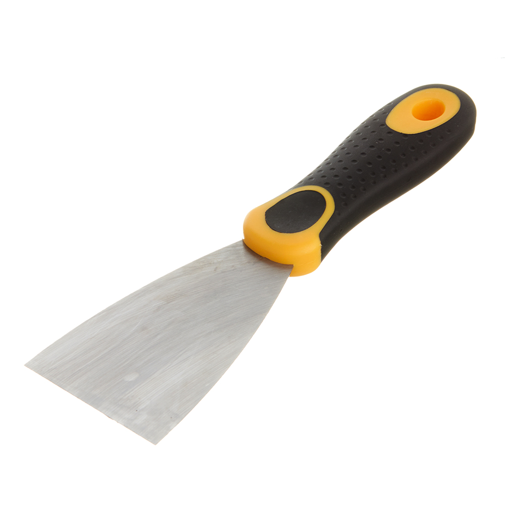 Шпатель из нержавеющей и лакированной стали, усиленный. Рукоятка изготовлена из двухкомпонентного материала.
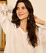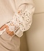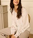De losse fit, V-hals en lange mouwen met verfijnde kanten manchetten zorgen voor een sierlijke, tijdloze uitstraling.
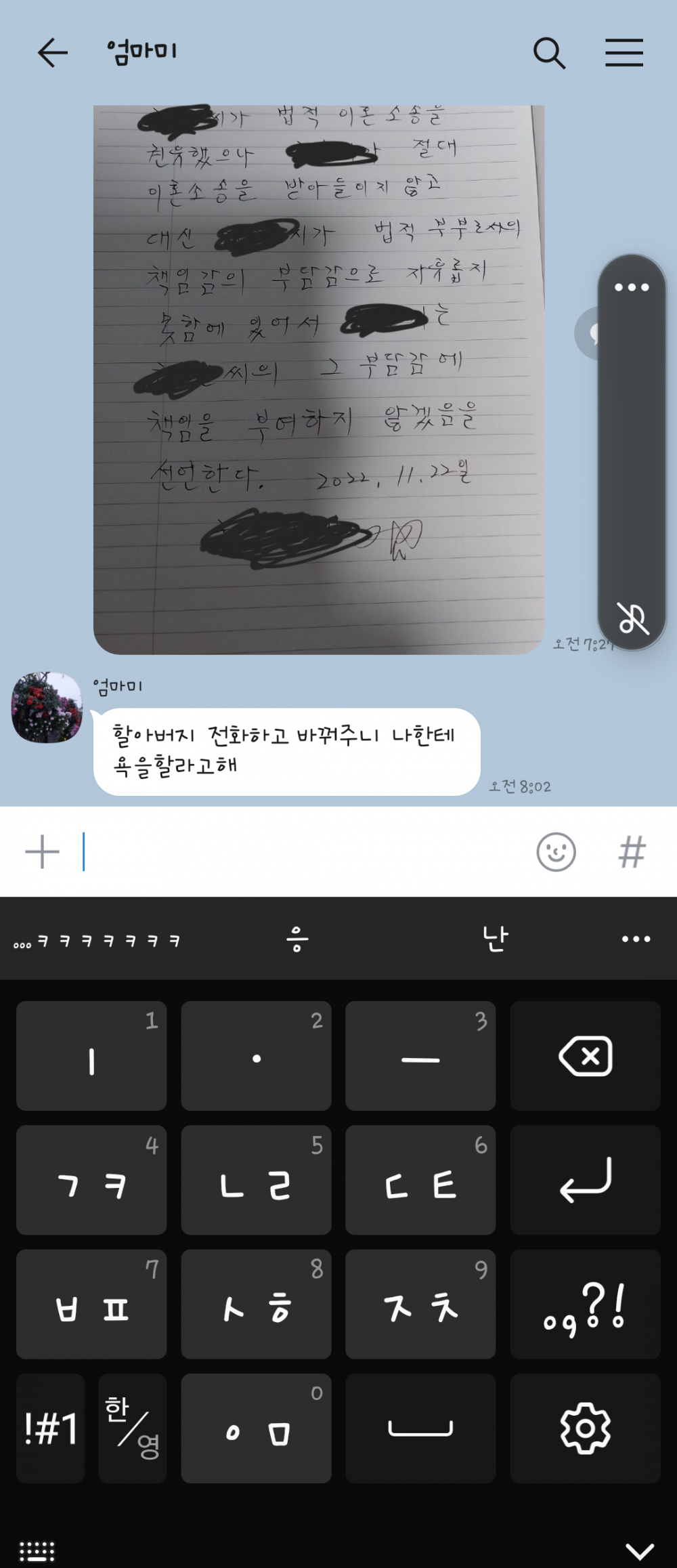 근데 엄마한테서 갑자기 저런 카톡이 옴 황당 그 자체다

====

Write out the whole listing again, exactly, with no pictures.

- **OUTPUT OF THE EXERCISE**
 Шпатель из нержавеющей и лакированной стали, усиленный. Рукоятка изготовлена из двухкомпонентного материала.
De losse fit, V-hals en lange mouwen met verfijnde kanten manchetten zorgen voor een sierlijke, tijdloze uitstraling.
 근데 엄마한테서 갑자기 저런 카톡이 옴 황당 그 자체다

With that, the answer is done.